Когда Иллуги не было, перемещаться по избе мне помогала повариха Гроа, или старый пастух Оспак. Я ненавидел их. И их, и Халлу, что выхаживала меня в беспамятстве. И всех остальных. Я ведь знал, что они делают это для того чтобы я выздоровел. Им был нужен здоровый раб.
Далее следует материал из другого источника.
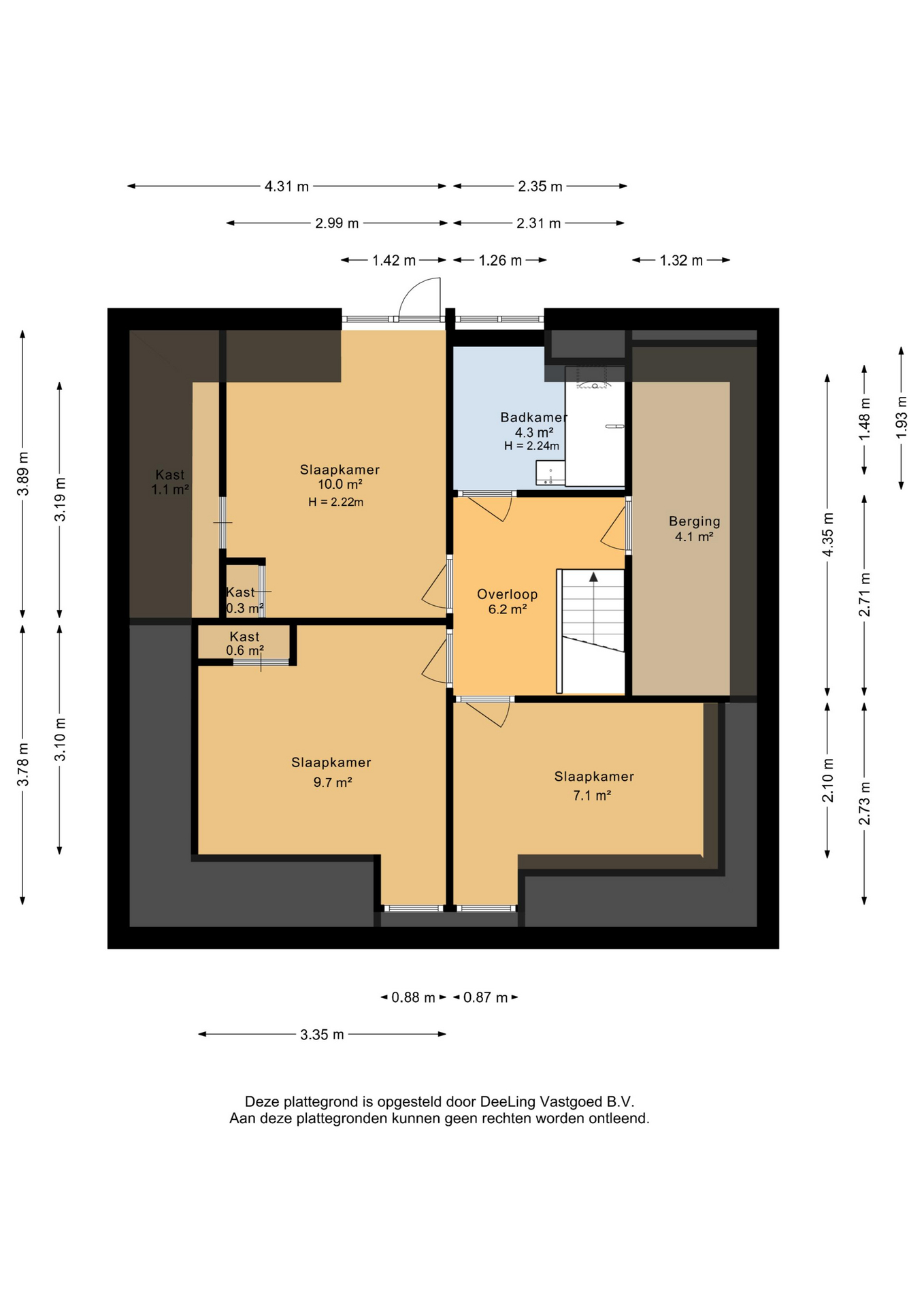 Op de verdieping zijn drie royale slaapkamers, de badkamer en een grote berging.
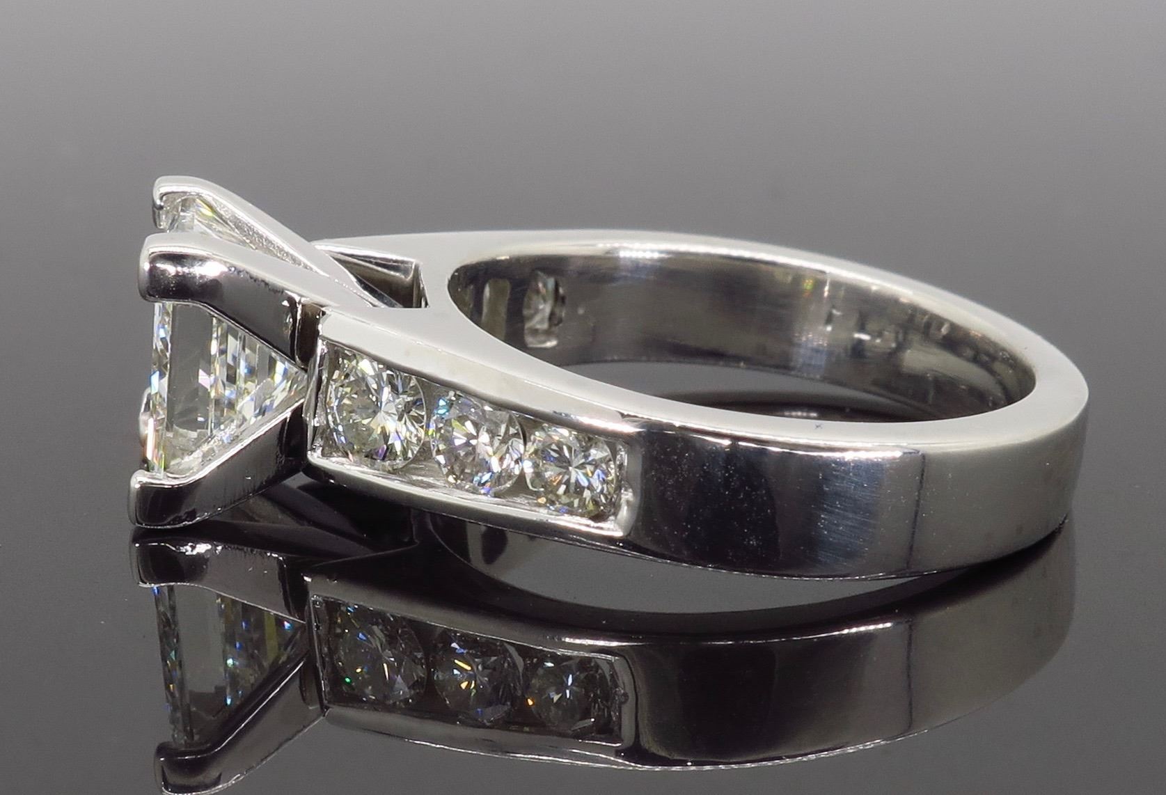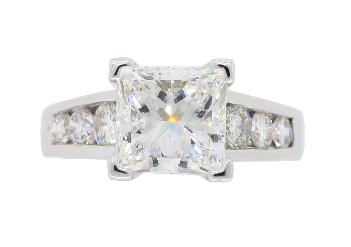 One Platinum 2.01ct GIA Cert Diamond Ring. (1) GIA Certified princess cut Diamond with a total weight of 2.01cts with a color of F and clarity of VS-1. (6) round Diamonds with a total weight of 0.65cts with a color of VS-2 to SI-2. Total weight of this ring is 9 grams. Ring size is 5.25. GIA Certified, Electronic Copy Only, and GIA verification report Diamond is laser Scribed- GIA 12323650.

Но больше всего я дичал, когда к Вермунду приезжали гости. Это случалось нечасто. Здесь не было привычных для моего мира деревень, и люди жили вот такими отдельными хозяйствами-хуторами. Причем судя по всему расстояния между ними были немалые. Но зато и каждая встреча превращалась в обстоятельное застолье, с рассказыванием всех новостей и сплетен. А поскольку новостей при таком малом количестве людей было явно недостаточно, то весьма часто гости с хозяевами обсуждали меня. Как правило гости подходили посмотреть на меня, а потом еще долго обсуждали с хозяевами за столом, будто меня тут и не было. Обстоятельный деревенский разговор, так могли бы обсуждать скотину на продажу. Иногда я жалел, что понимаю их язык.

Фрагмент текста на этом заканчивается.